Но страстью столь же основополагающей для меня ab initio был миф (не аллегория!) и волшебная сказка, а в первую очередь — героическая легенда на грани волшебной повести и истории, которых на мой вкус в нашем мире слишком мало (по крайней мере, в пределах моей досягаемости). Уже в студенческие годы мысль и опыт подсказали мне, что интересы эти — разноименные полюса науки и романа — вовсе не диаметрально противоположны, но, по сути, родственны.

<…>

Кроме того (и здесь, надеюсь, слова мои не прозвучат абсурдно), меня с самых юных лет огорчала нищета моей любимой родины: у нее нет собственных преданий, связанных с ее языком и почвой, во всяком случае, того качества, которого я искал и находил (в качестве составляющей части) в легендах других земель. Только не смейтесь, но некогда (с тех пор самонадеянности у меня, конечно, поубавилось) я задумал создать цикл более-менее связанных между собою легенд — от преданий глобального, космогонического масштаба до романтической волшебной сказки; так, чтобы более значительные основывались на меньших в соприкосновении своем с землей, а меньшие обретали великолепие на столь обширном фоне; цикл, который я мог бы посвятить просто стране моей, Англии. Одни легенды я бы представил полностью, но многие наметил бы только схематически, как часть общего замысла. Циклы были бы объединены в некое грандиозное целое — и, однако, оставляли бы место для других умов и рук, для которых орудиями являются краски, музыка, драма…

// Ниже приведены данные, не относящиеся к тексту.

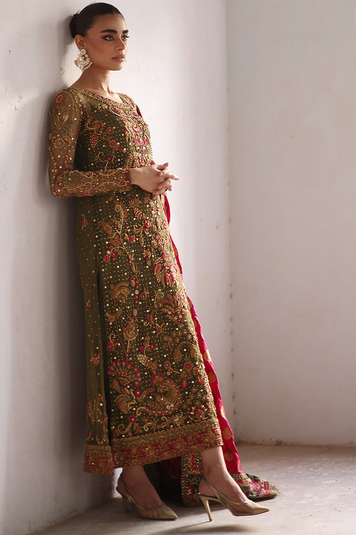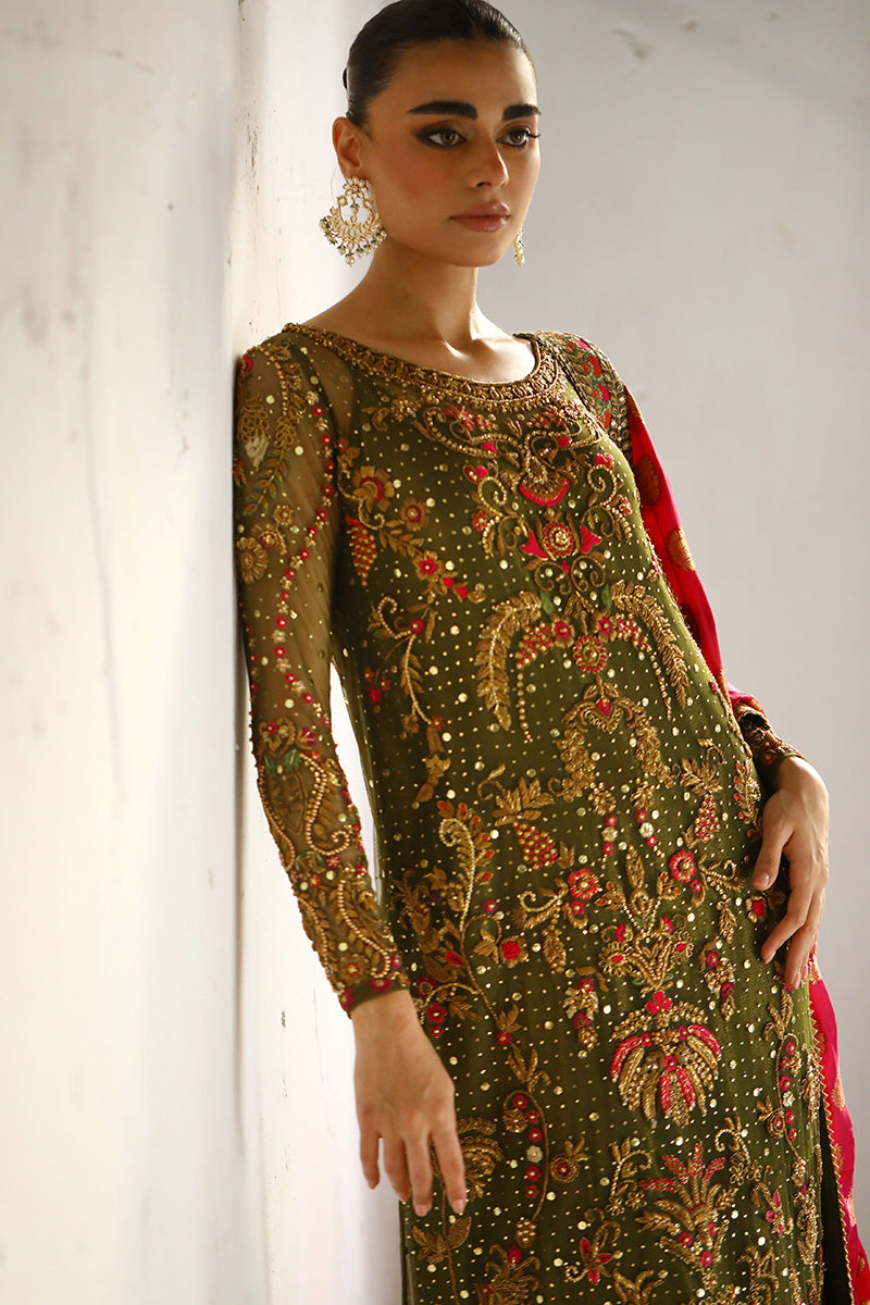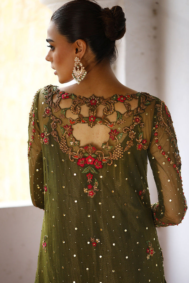 Look right out of a mughal fairytale in this Mina Hasan formal green straight shirt. Hand stitched mukesh and gota kaam is further embellished with delicate botanical inspired embroideries. The...
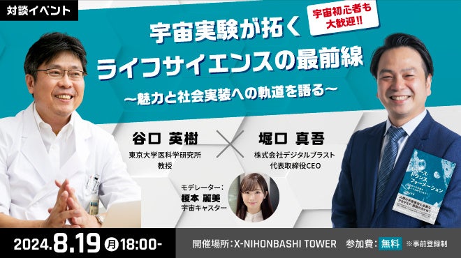 小型ライフサイエンス実験装置の開発や宇宙産業の活性化・新事業創出をサポートする株式会社DigitalBlast(本社:東京都千代田区、代表取締役CEO:堀口 真吾、以下DigitalBlast)は、2030年の国際宇宙ステーション(ISS)退役後の宇宙ビジネス・宇宙開発を見据えた書籍『スペース・トランスフォーメーション 人類の生存圏が拡大する時代に向けて』(総合法令出版)の出版を記念し、2024年8月19日(月)に、宇宙ビジネス共創拠点X-NIHONBASHIにおいて「宇宙実験が拓くライフサイエンスの最前線 ─魅力と社会実装への軌道を語る─」を開催することをお知らせいたします。
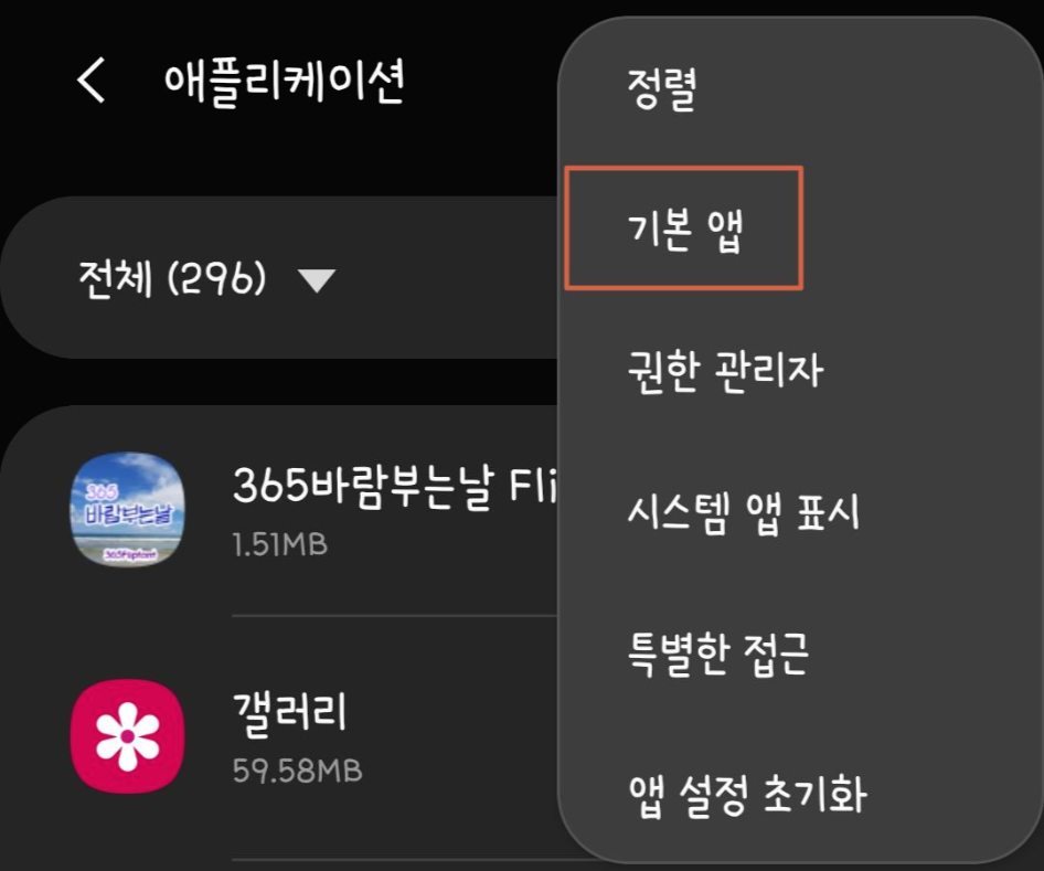 처음엔 동일하게 설정에 들어가서 이번엔 애플리케이션으로 들어갑니다. 우측 상단에 새로로 점 3개로 되어있는 메뉴를 클릭하고나서기본 앱을 눌러줍니다.
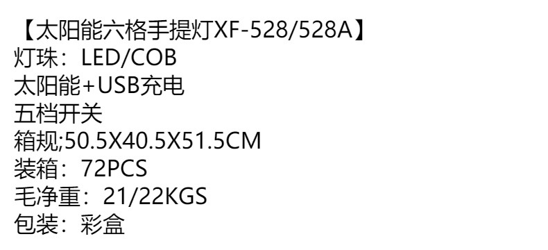 | Color | Lámpara portátil Six-Grid LED [XF-528],COB de la lámpara portátil de la Seis-rejilla [XF-528A] |
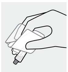 Åpne først kanyleposen ved å rive dekslet halvveis av. Legg det på en ren overflate. Hold deretter sprøyten pekende oppover, vri og dra av gummihetten.
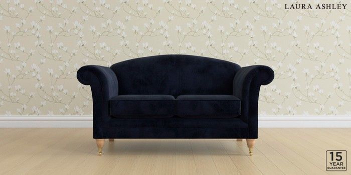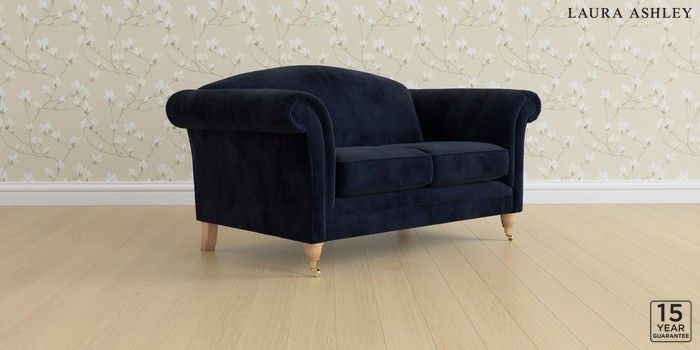 6.12.1 Buy Gloucester by Laura Ashley 2 Seater Sofa Orla Midnight Navy Low Brass Castor - Light Oak from the Laura Ashley online shop Click here to use our website with more accessibility support, for example screen readers

Разумеется, такой самонадеянный замысел сформировался не сразу.

Сперва были просто истории. Они возникали в моем сознании как некая „данность“, и по мере того, как являлись мне по отдельности, укреплялись их связи. Захватывающий, хотя то и дело прерываемый труд (тем более что, даже не говоря о делах насущных, разум порою устремлялся к противоположному полюсу и сосредоточивался на лингвистике); и, однако ж, мною всегда владело чувство, будто я записываю нечто, уже где-то там „существующее“, а вовсе не „выдумываю“. Я сочинял и даже записывал много всего другого (особенно для моих детей). Кое-каким вещицам удалось даже выскользнуть из тисков этой разветвляющейся, всепоглощающей темы, будучи в основе своей и радикально с нею не связанным: например, „Лист работы Ниггля“ и „Фермер Джайлс“ — единственные, что увидели свет. „Хоббит“, в котором куда больше внутренней жизни, задумывался мною абсолютно независимо; начиная его, я еще не знал, что и он оттуда (курсив наш. — Г. П., С. С.). Однако вскоре выяснилось, что „Хоббит“ завершал собою целое, обеспечивал ему спуск на землю и его слияние с „историей“. Как высокие Легенды начала дней предполагают эльфийский взгляд на вещи, так промежуточная повесть о хоббите принимает, по сути дела, человеческую точку зрения.

<…>

Перейти на страницу:

Похожие книги

Адмирал Советского Союза
Адмирал Советского Союза

Николай Герасимович Кузнецов – адмирал Флота Советского Союза, один из тех, кому мы обязаны победой в Великой Отечественной войне. В 1939 г., по личному указанию Сталина, 34-летний Кузнецов был назначен народным комиссаром ВМФ СССР. Во время войны он входил в Ставку Верховного Главнокомандования, оперативно и энергично руководил флотом. За свои выдающиеся заслуги Н.Г. Кузнецов получил высшее воинское звание на флоте и стал Героем Советского Союза.В своей книге Н.Г. Кузнецов рассказывает о своем боевом пути начиная от Гражданской войны в Испании до окончательного разгрома гитлеровской Германии и поражения милитаристской Японии. Оборона Ханко, Либавы, Таллина, Одессы, Севастополя, Москвы, Ленинграда, Сталинграда, крупнейшие операции флотов на Севере, Балтике и Черном море – все это есть в книге легендарного советского адмирала. Кроме того, он вспоминает о своих встречах с высшими государственными, партийными и военными руководителями СССР, рассказывает о методах и стиле работы И.В. Сталина, Г.К. Жукова и многих других известных деятелей своего времени.Воспоминания впервые выходят в полном виде, ранее они никогда не издавались под одной обложкой.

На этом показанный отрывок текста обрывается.